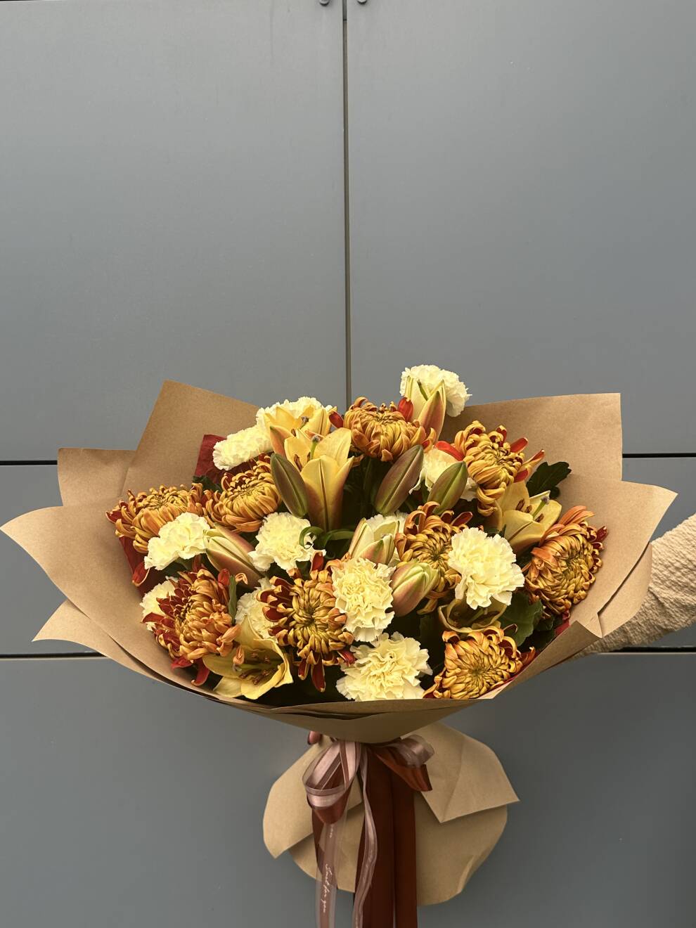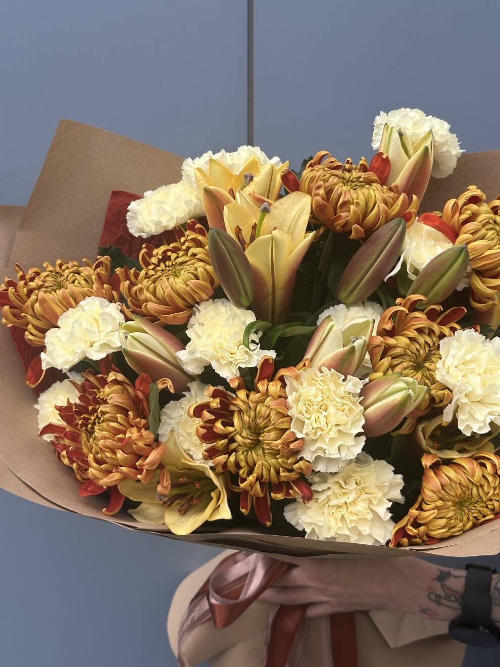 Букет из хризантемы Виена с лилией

==

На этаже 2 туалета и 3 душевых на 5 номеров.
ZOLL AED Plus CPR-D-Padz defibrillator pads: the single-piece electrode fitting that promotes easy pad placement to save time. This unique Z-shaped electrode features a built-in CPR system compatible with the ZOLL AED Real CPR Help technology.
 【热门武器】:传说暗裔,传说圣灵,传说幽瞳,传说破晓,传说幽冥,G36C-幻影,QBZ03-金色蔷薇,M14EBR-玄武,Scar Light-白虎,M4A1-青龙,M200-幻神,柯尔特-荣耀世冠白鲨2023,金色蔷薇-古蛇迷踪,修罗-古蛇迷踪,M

▸ **ACTION ITEM**:
The entries above hold the needed span. Transcribe exactly the lines from the one with "На этаже 2 туалета и 3 душевых на 5 номеров." to the one with "ZOLL AED Plus", both included.

▸ **FINAL ANSWER**:
На этаже 2 туалета и 3 душевых на 5 номеров.
ZOLL AED Plus CPR-D-Padz defibrillator pads: the single-piece electrode fitting that promotes easy pad placement to save time. This unique Z-shaped electrode features a built-in CPR system compatible with the ZOLL AED Real CPR Help technology.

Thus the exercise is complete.